In its early days, the Nick Ernest software was known as LETHA (Learning Enhanced Tactical Handling Algorithm). Now that a generalised account has been cleared for public airing, it has been renamed ALPHA. The software was modified and adapted for use first by competing against multiple versions of itself, then against the official USAF simulator training combat software and finally against experienced human pilots, starting with retired Colonel Gene Lee.

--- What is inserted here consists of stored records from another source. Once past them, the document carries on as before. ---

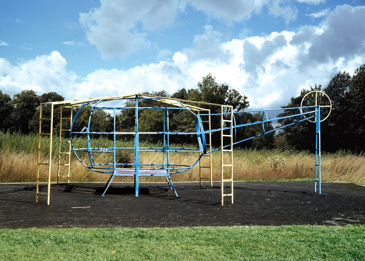 In the Climbing Frames series there is a suggestion of the rural environment being invaded by structures from the inner city. The climbing frames, each shaped as a form of transport, are rusting and antiquated and seem slightly at odds with their countryside setting. In actuality the frames were photographed in urban environments (mainly London) and digitally transferred to the fields and villages of Kent. Such forms of recreation are probably a familiar sight to anyone who grew up in the 1960s and 70s and spent their time in municipal play areas of the British townscape. Now eradicated from the more safety-conscious playgrounds of today, the tubular steel frames of the postwar years have been condemned to history, relics of the past that encapsulate an earlier, perhaps more innocent, perception of the world. In their day, the steel frame jet planes and rocket ships offered fantasies of escape and adventure. The ability of children to use the frames to play out narratives drawn from movies and television could be said to reveal the powers of youthful imagination, given that many of the inner city areas where the frames were located were far less expressive of escape and ‘open road’ opportunity. For many working class Londoners, the Kent countryside was an achievable place of escape but often only as a temporary one: for many, the yearly exodus to the hop farms of Kent served as an enjoyable working holiday. Paradoxically, British sci-fi movies of the postwar years have been linked to a fear of outside threats. Movies such as Children of the Damned (1964) and Quatermass and the Pit (1967) point to anxieties over changes taking place in the modern world: a fear that technology or immigration might bring about irrevocable change to life within the green and pleasant land.
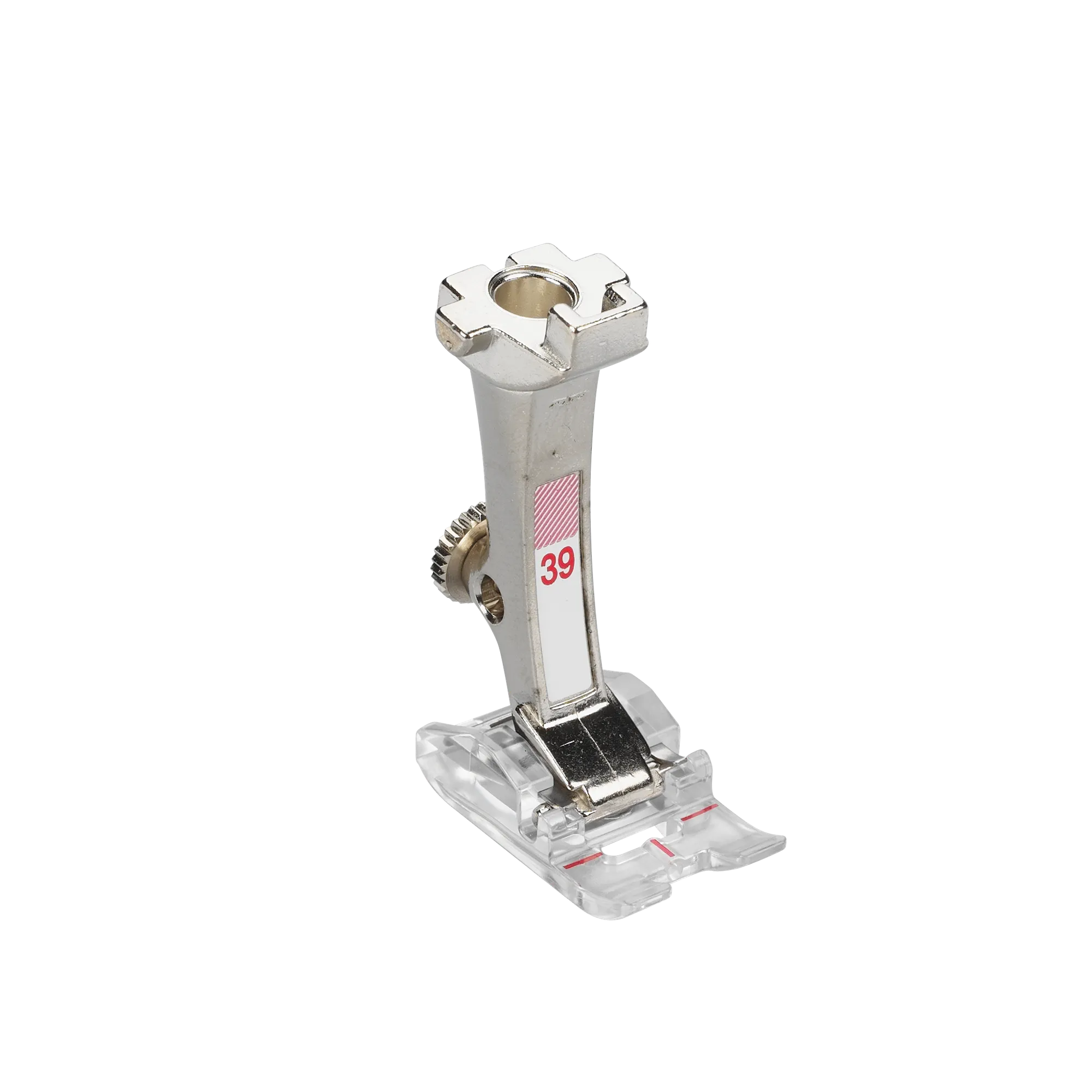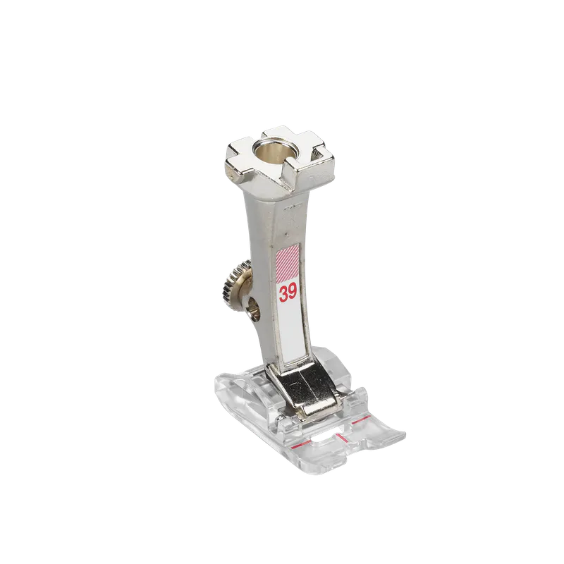 This foot is especially suitable for decorative stitches, buttonhole seams, appliqués, couching perle yarn, and sewing offthe-edge scallops. It can also be used to create raised effects. The small hole in the centre of the foot acts as a guide for couching a narrow cord. The clear sole provides a good view of the embroidery area.
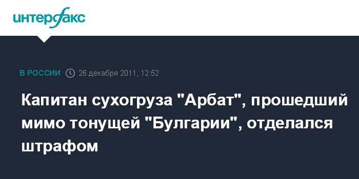 Капитан сухогруза "Арбат", прошедший мимо тонущей "Булгарии", отделался штрафом
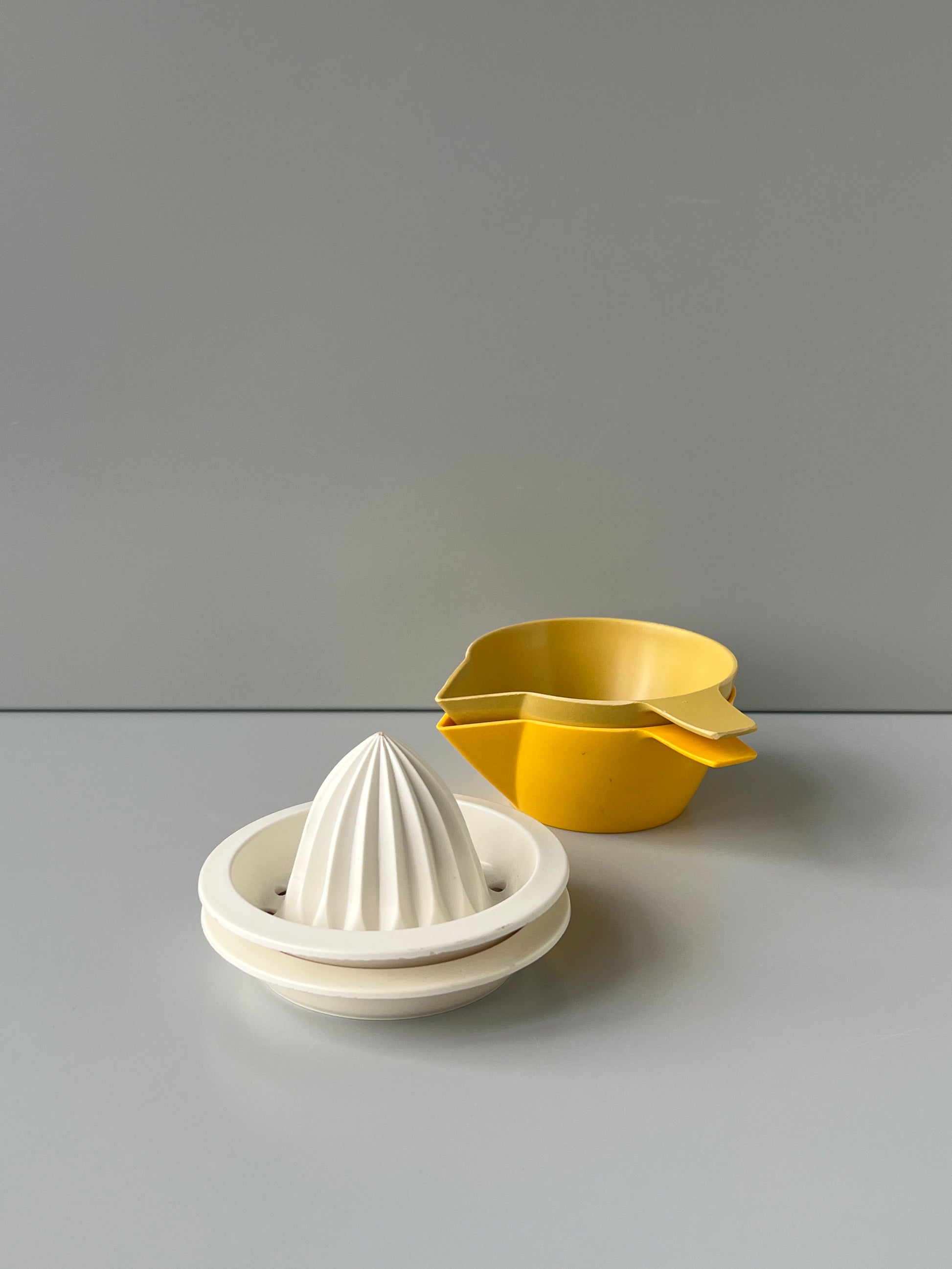 Hergestellt aus robustem Meladur-Kunststoff überzeugt sie mit klarer Form, ergonomischem Griff und ikonischer Farbgebung in drei Gelbtönen.
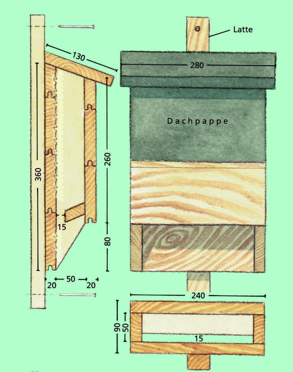 Um den Ansprüchen möglichst vieler Fledermausarten gerecht zu werden, ist es sinnvoll, verschiedene Kastentypen aufzuhängen: sogenannte Flachkästen für Spalten bewohnende Arten und Kästen mit größerem Hohlraum für Höhlen bewohnende Arten. Beide Kastentypen werden von verschiedenen Herstellern im Handel angeboten. Fledermauskästen aus Holz können mithilfe der untenstehenden Anleitung selbst angefertigt werden. Einfach selbst zu bauen sind auch sogenannte Fledermausbretter, die etwa dem abgebildeten Fledermauskasten entsprechen. Im Unterschied zu diesem sollten Fledermausbretter aber mindestens doppelt so breit sein, unten keine Querlatte haben und einen engeren Innenraum von nur 2 cm unten. Das beim Bau von Fledermauskästen und Fledermausbrettern verwendete Holz sollte mindestens 20 mm stark und an der Innenseite möglichst rau sein.
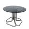 Tavolo con struttura tubolare in metallo cromato. Piano tondo in vetro fumè....
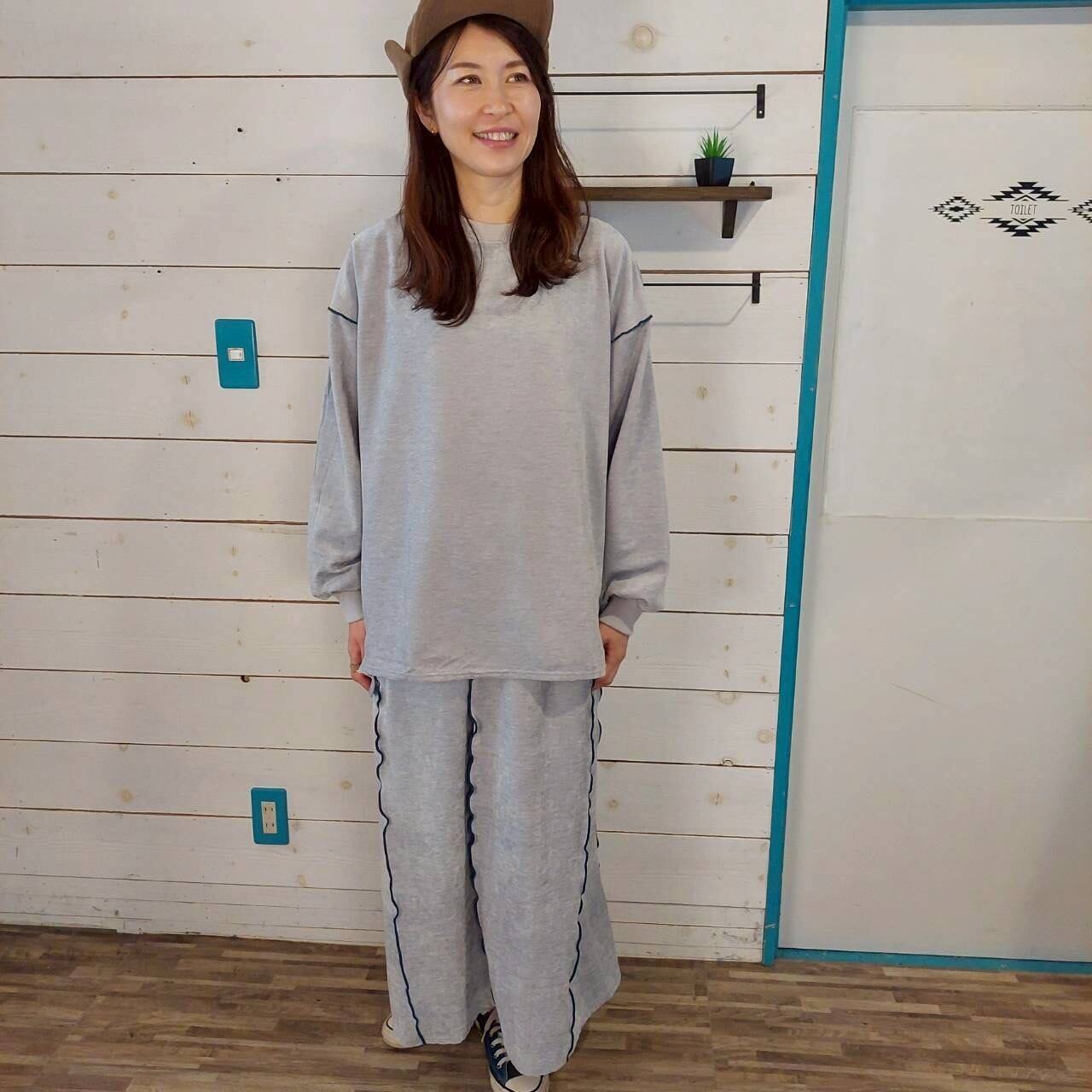 ポップなカラーの配色メロウロックステッチが施され、目をひく一着です。
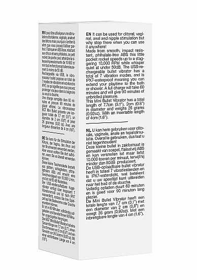 10 Speed Rechargeable BulletU kan hem gebruiken voor clito- rale, vaginale, anale en tepelstimu- latie. Overal te gebruiken, dus laat u niet tegenhouden!Deze kleine bullet in zakformaat is gemaakt van soepel, ftalaatvrij ABS en kan versnellen tot maar liefst 10.000 toeren per minuut, terwijl hij minder dan 50dB produceert.De USB-oplaadbare bullet vibrator heeft in totaal 10 vibratiestanden en is IPX7-waterdicht, wat betekent dat u uw speeltijd kunt uitbreiden naar het bad of de douche. Volledig opladen duurt 60 minuten en is goed voor 90 minuten lang plezier.De Mini Bullet Vibrator heeft een totale lengte van 7,7 cm (3,1) met een diameter van 2 cm (0,8) en weegt 26 gram (0,92oz). Met een inbrengbare lengte van 4 cm (1.6).
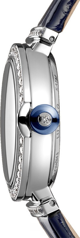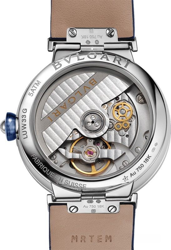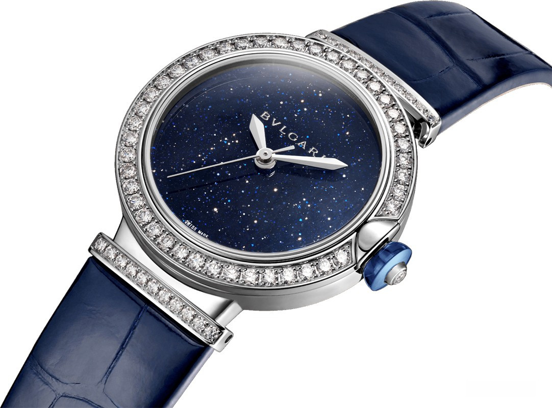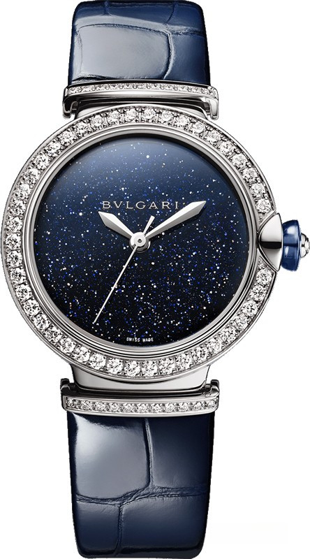 Часы Bvlgari Lvcea представлены в корпусе из белого золота 18к размером 33 мм и водонепроницаемостью 50 метров. Внутри корпуса установлен автоматический механизм. На синем авантюриновом циферблате отображаются часы, минуты, секунды. Часы поставляются на ремешке из кожи аллигатора с вставкой из белого золота 18к. Корпус инкрустирован белыми бриллиантами.
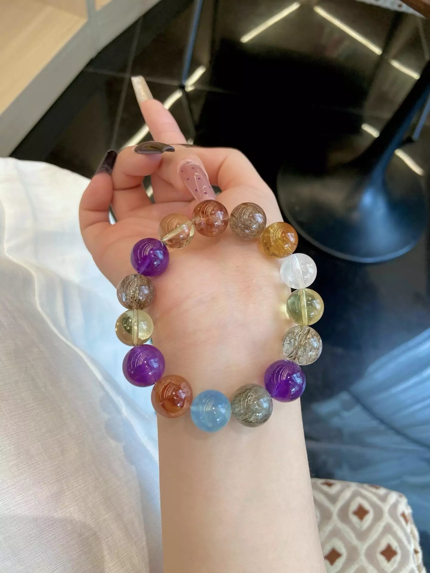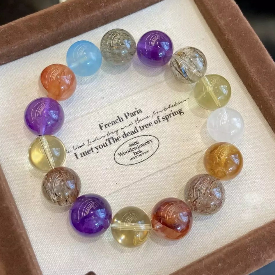 Ignite dynamic crystal energy💥🔥! Black Gold Super Seven fuels confidence💪, Red Rutilated Quartz warms relationships🤝, Amethyst calms the mind🔮 for sharper thinking. Citrine & Yellow Tower Quartz nourish the body🌿, aiding trace element absorption, while Aquamarine brings serenity😌 and White Phantom Quartz purifies vibes🧹. This vibrant multicolor blend merges power & balance—wear daily to glow with focus, confidence, and harmonious connections that light up every moment🌟!
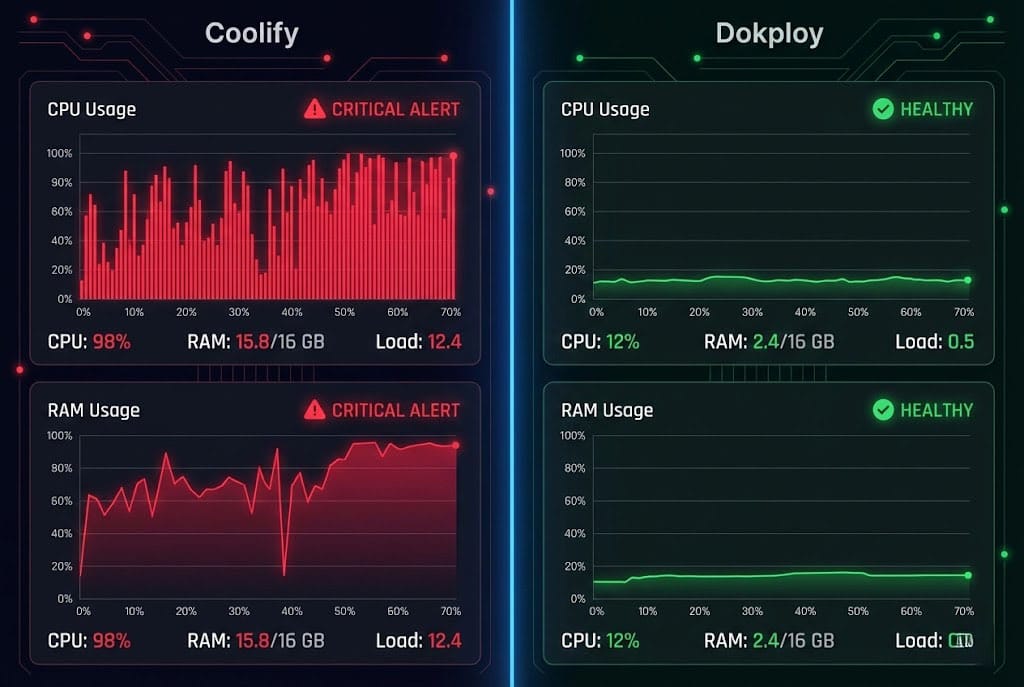 - Coolify: Daemon của Coolify ngốn khá nhiều RAM (thường chiếm 500MB - 1GB chỉ cho việc quản lý). Giao diện đôi khi có độ trễ (lag), đặc biệt khi load danh sách deployment dài.
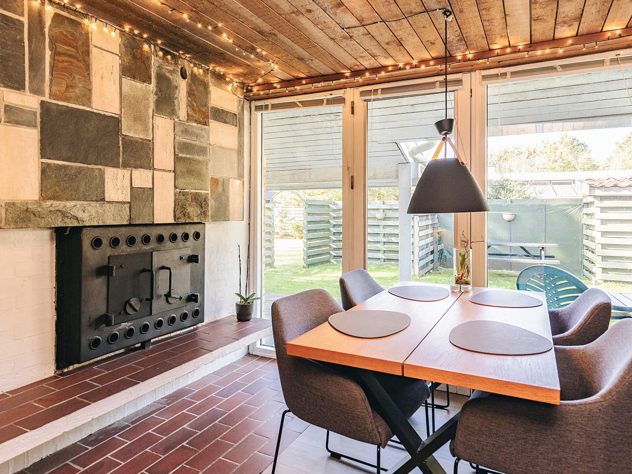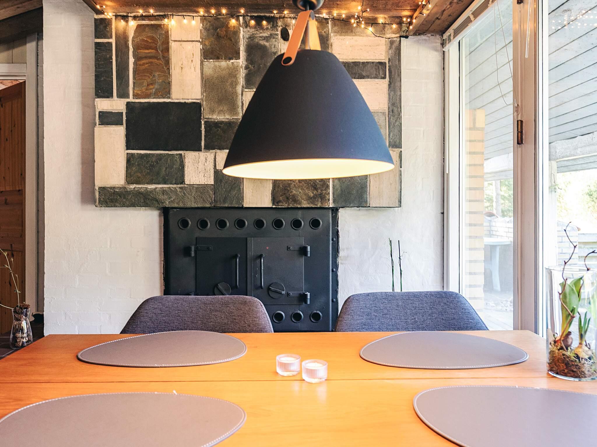 Køkkenet er åbent ud til opholdsrummet, hvilket byder op til det social skal fortsætte, selvom madlavningen går i gang. Opholdsrummet består af en fælles stue/spisestue, med plads til 6 personer ved spisebordet og i sofaarrangementet. I opholdstuen finder man også en pejs som kan tændes op i kolde tider.
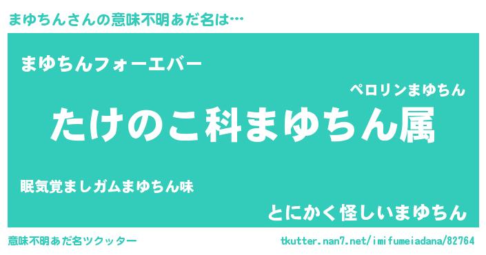 | 男性向けラノベタイトル風あだ名 | 『転生したらまゆちんだった件』 |
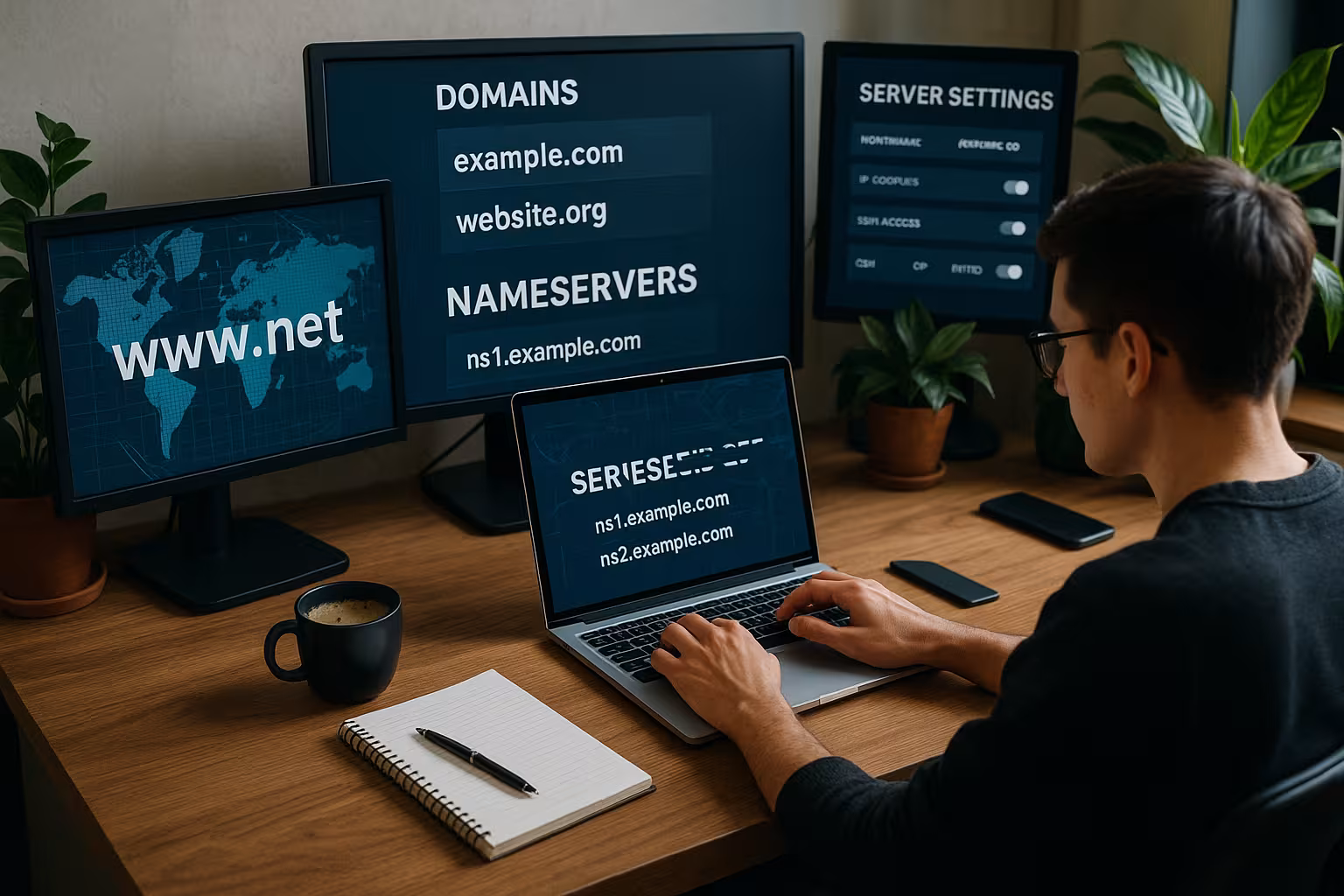 Naamservers zetten domeinnamen om in IP-adressen en sturen verzoeken door naar de juiste servers. De meeste hostingpakketten bevatten standaard al DNS-servers, maar deze beperken vaak de configuratiemogelijkheden. Zodra u bijvoorbeeld SPF-, DKIM- of SRV-records flexibel wilt beheren, is de eigen naamservers redelijk.

Lee, a former air combat instructor, imported his learned experience into the software. In October, 2015 he undertook a series of lengthy simulated aerial combat engagements against a considerably improved version of ALPHA, with disconcerting results.
Even when handicapped by deliberately inferior performance, in simulated air battle after air battle, the ALPHA software missiles shot the Colonel out of the sky. He described ALPHA as “the most aggressive, responsive, dynamic and credible AI seen-to-date”.
This result, aired by the University of Cincinnati media unit on June 27, 2016, caused a real stir in the US technical community. This included a considerable number of fighter pilots. It is said to be the first time that a set of AI simulator aerial combat software has unequivocally trounced highly trained and experienced professional fighter pilots, both in one-on-one confrontations and multi-aircraft engagements.
Cost effectiveness
A striking feature is that ALPHA, using human-style computing, sidesteps the computational overload, running on the equivalent of a $500 household computer. Yet ALPHA can consider and coordinate the best tactical plan and precise responses within a dynamic environment over 250 times faster than its human opponents could blink. Dr Ernest and some associates have set up a company called Psibernetix in Liberty Township just north of Cincinnati itself. The company “is ready to begin working with both local and international clients through a negotiable combination of on-site visits and tele-coordinating from our office on both short and long term contracts”.
Given the usual practical R&D application times, it will be a while before ALPHA is guiding combat unmanned aerial vehicles, or mixed human and drone formations over combat space. But if you’re looking ahead, to say the 2020s, you need to start investigating and thinking now how this development is going to shape the future of aerial defence.